→ Input material
-------

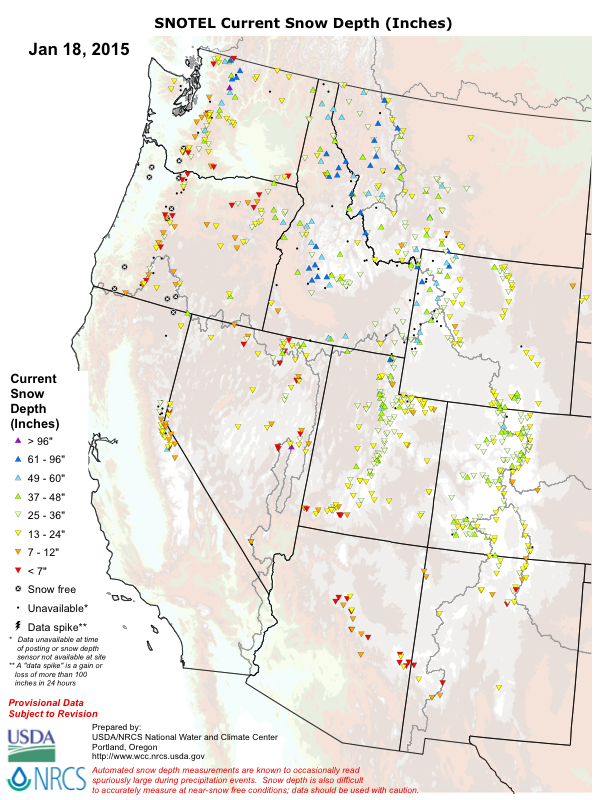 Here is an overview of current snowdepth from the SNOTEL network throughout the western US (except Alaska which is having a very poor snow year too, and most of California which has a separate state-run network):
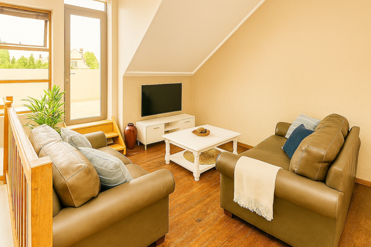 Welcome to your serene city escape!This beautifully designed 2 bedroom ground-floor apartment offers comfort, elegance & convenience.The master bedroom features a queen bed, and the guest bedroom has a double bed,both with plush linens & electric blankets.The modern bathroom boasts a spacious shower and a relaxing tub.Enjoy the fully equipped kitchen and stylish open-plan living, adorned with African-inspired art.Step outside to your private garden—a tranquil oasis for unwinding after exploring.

-------

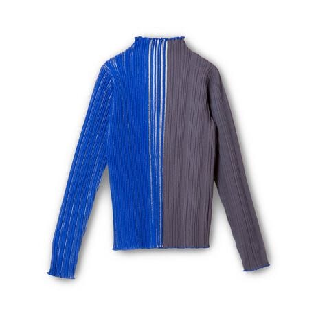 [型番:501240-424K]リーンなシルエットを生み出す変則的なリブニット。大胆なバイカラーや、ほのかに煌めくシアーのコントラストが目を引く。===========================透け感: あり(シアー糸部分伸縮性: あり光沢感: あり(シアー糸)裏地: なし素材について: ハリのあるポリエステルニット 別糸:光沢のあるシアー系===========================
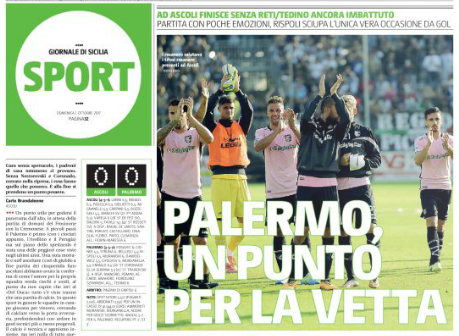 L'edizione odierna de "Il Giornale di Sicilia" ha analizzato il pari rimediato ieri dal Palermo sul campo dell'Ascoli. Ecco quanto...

-------

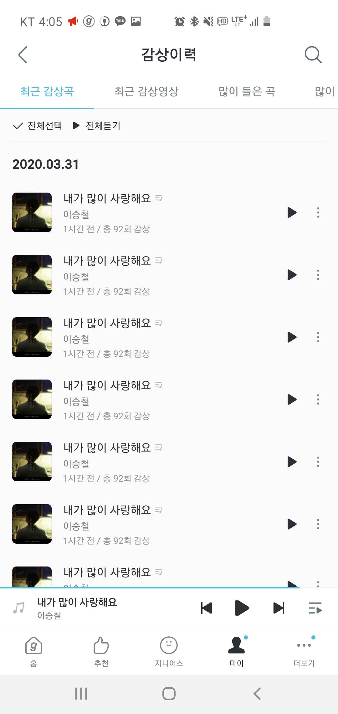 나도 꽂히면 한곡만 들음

-------

→ The problem
Within the listing above, the lines from the one with "Here is an overview" through the one with "Welcome to your" are to be given again word for word. Do not include pictures.

→ Written reply
 Here is an overview of current snowdepth from the SNOTEL network throughout the western US (except Alaska which is having a very poor snow year too, and most of California which has a separate state-run network):
 Welcome to your serene city escape!This beautifully designed 2 bedroom ground-floor apartment offers comfort, elegance & convenience.The master bedroom features a queen bed, and the guest bedroom has a double bed,both with plush linens & electric blankets.The modern bathroom boasts a spacious shower and a relaxing tub.Enjoy the fully equipped kitchen and stylish open-plan living, adorned with African-inspired art.Step outside to your private garden—a tranquil oasis for unwinding after exploring.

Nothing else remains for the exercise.